### PROVIDED DATA
Start of Block
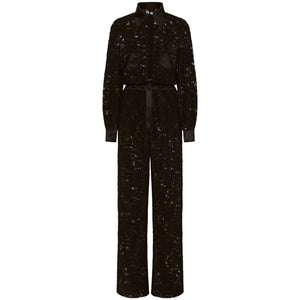 lace-trim long-sleeve jumpsuit from DOLCE & GABBANA featuring jet black, silk-cotton blend, lace trim, semi-sheer construction, classic collar, concealed front button fastening, long sleeves, buttoned cuffs, elasticated waistband, two chest patch pockets and straight leg. Lace long shirt jumpsuit Size and Fit - This piece fits true to size. We recommend you get your regular size. Model is 1,75m / 5ft 8in wearing size 40 (IT)
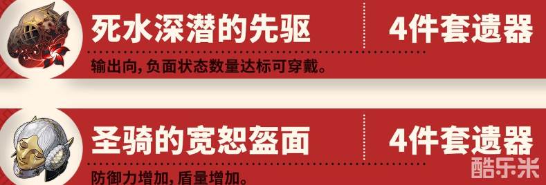 二、遗器外圈推荐4死水或者是4圣骑,内圈推荐龙骨或者是萨尔索图,优先堆到4000防御力;
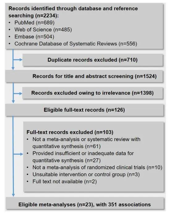 该团队系统检索PubMed、Embase、Web of Science和Cochrane四个数据库,最终纳入了23篇Meta分析进行伞状综述。通过对纳入文献的质量评估和GRADE评级,发现大部分Meta分析具有较高的可信度,且提供了中等至高质量的证据。
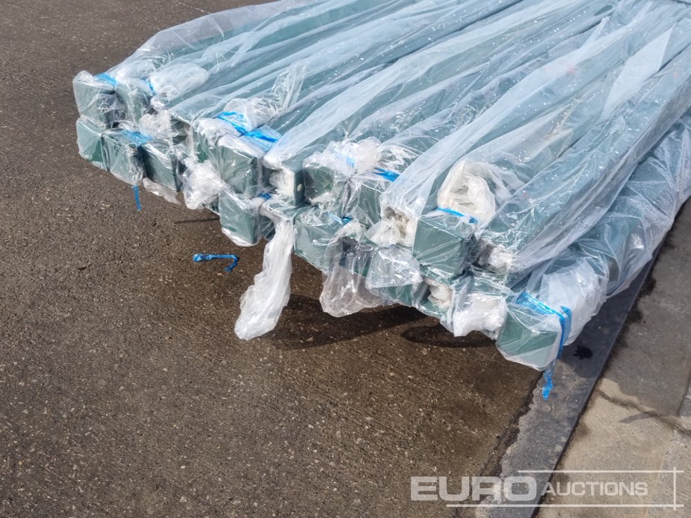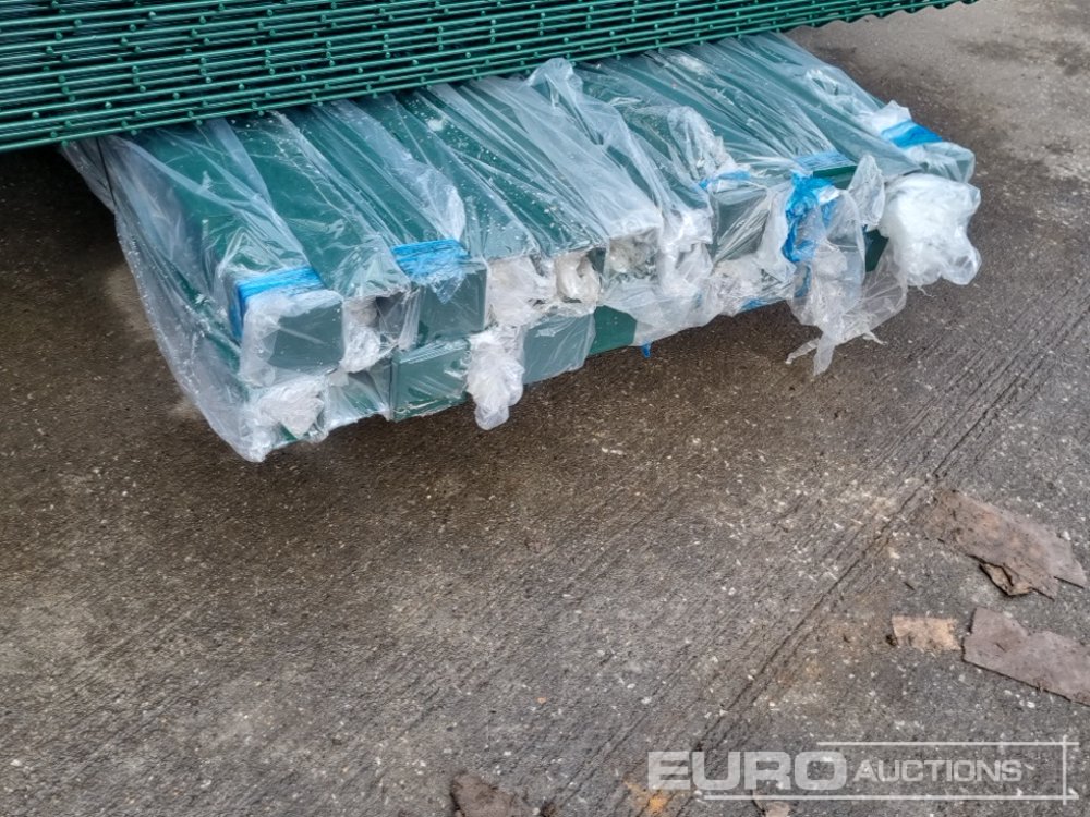 Unused Galvanised & Powder Coated Heavy Duty (5mm) Wire Mesh Fencing, 25 x H2.4m x W2.2m Panels, 26 x 60mm x 60mm x3m Posts, with Fittings (Green) - 496568
End of Block
### WHAT YOU HAVE TO DO
Starting with the line that holds "二、遗器外圈推荐4死水或者是", reproduce exactly each line up to and including the last line of the material above, and drop the pictures.

### ANSWER AREA
 二、遗器外圈推荐4死水或者是4圣骑,内圈推荐龙骨或者是萨尔索图,优先堆到4000防御力;
 该团队系统检索PubMed、Embase、Web of Science和Cochrane四个数据库,最终纳入了23篇Meta分析进行伞状综述。通过对纳入文献的质量评估和GRADE评级,发现大部分Meta分析具有较高的可信度,且提供了中等至高质量的证据。
 Unused Galvanised & Powder Coated Heavy Duty (5mm) Wire Mesh Fencing, 25 x H2.4m x W2.2m Panels, 26 x 60mm x 60mm x3m Posts, with Fittings (Green) - 496568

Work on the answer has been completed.